The Financial Conduct Authority has watered down plans to reform the way firms are levied to fund the Money Advice Service resulting in higher adviser levies than expected.
In January, the FSA consulted on allocating MAS “money advice” costs based on its data of how consumers use the service. The regulator initially suggested this could mean the total cost for firms in the A13 fee block, which covers most advisers, would fall a massive 93 per cent from £4.6m to £300,000.
Mortgage lenders strongly opposed the plans, which would have seen their MAS costs soar from £1.1m to £15.5m.

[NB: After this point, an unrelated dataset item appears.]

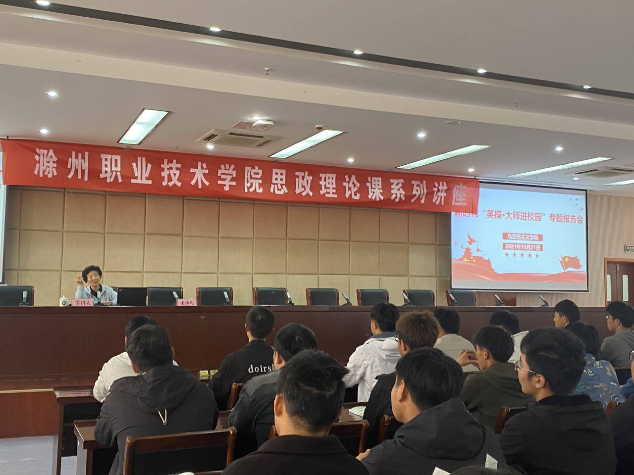 为深入贯彻落实《中共安徽省委教育工委关于在全省高校组织开展新时代先进人物进校园推进“英模·大师进思政课堂”活动的通知》精神,10月21日,马克思主义学院在综合楼五楼报告厅举办题为“听老兵讲援朝故事,忆党史奋进新征程”的“英模·大师进校园”专题报告会,专题报告由抗美援朝老兵裴琳蓉主讲。报告会由“概论”课教研室主任张家莉副教授主持,马克思主义学院全体师生以及来自建工学院和电气学院的200余名大学生聆听报告。

In the FCA’s consultation on 2013/14 regulatory fees and levies, published this week, the regulator says the change to allocation costs was being introduced too quickly.

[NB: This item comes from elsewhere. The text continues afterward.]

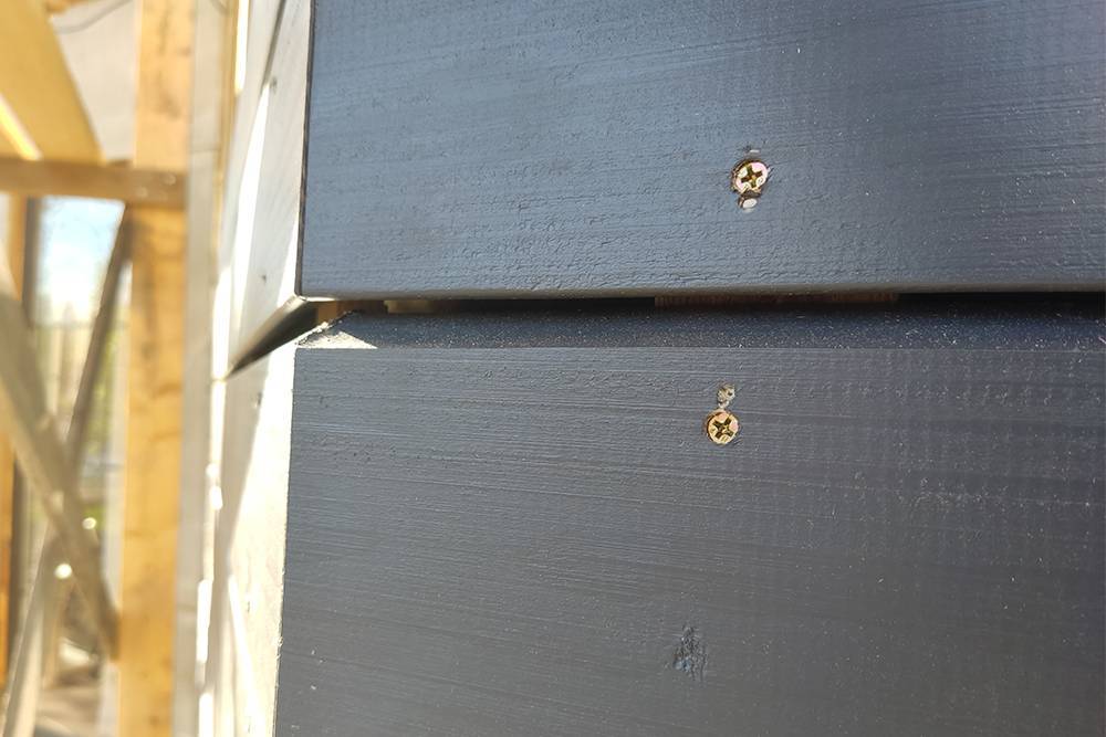Особо радует, что монтаж фасадных моделей происходит в любую погоду без подготовительных манипуляций. После обустройства обрешётки начинается сцепка саморезами. Главное, следовать рекомендациям и оставлять нужные зазоры, чтобы стенки не «поплыли».

The MAS has proposed a revised cost allocation basis for 2013/14 which will use a mix of the consumer usage method and the current allocation method to fee blocks, split 25:75.

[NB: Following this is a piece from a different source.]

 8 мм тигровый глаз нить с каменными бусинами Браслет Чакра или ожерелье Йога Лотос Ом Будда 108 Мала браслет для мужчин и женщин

Under the revised method, advisers in the A13 fee block will see their fees go from £4.6m to £2.7m, a fall of 42 per cent.
Investment Quorum chief executive Lee Robertson says: “I personally never believed we would see a 93 per cent fall in MAS costs. Regulatory costs never seem to work that way.”
Separately, the FCA has confirmed the budget for the Financial Ombudsman Service at £283.6m, up 93 per cent from £147.2m for 2012/13.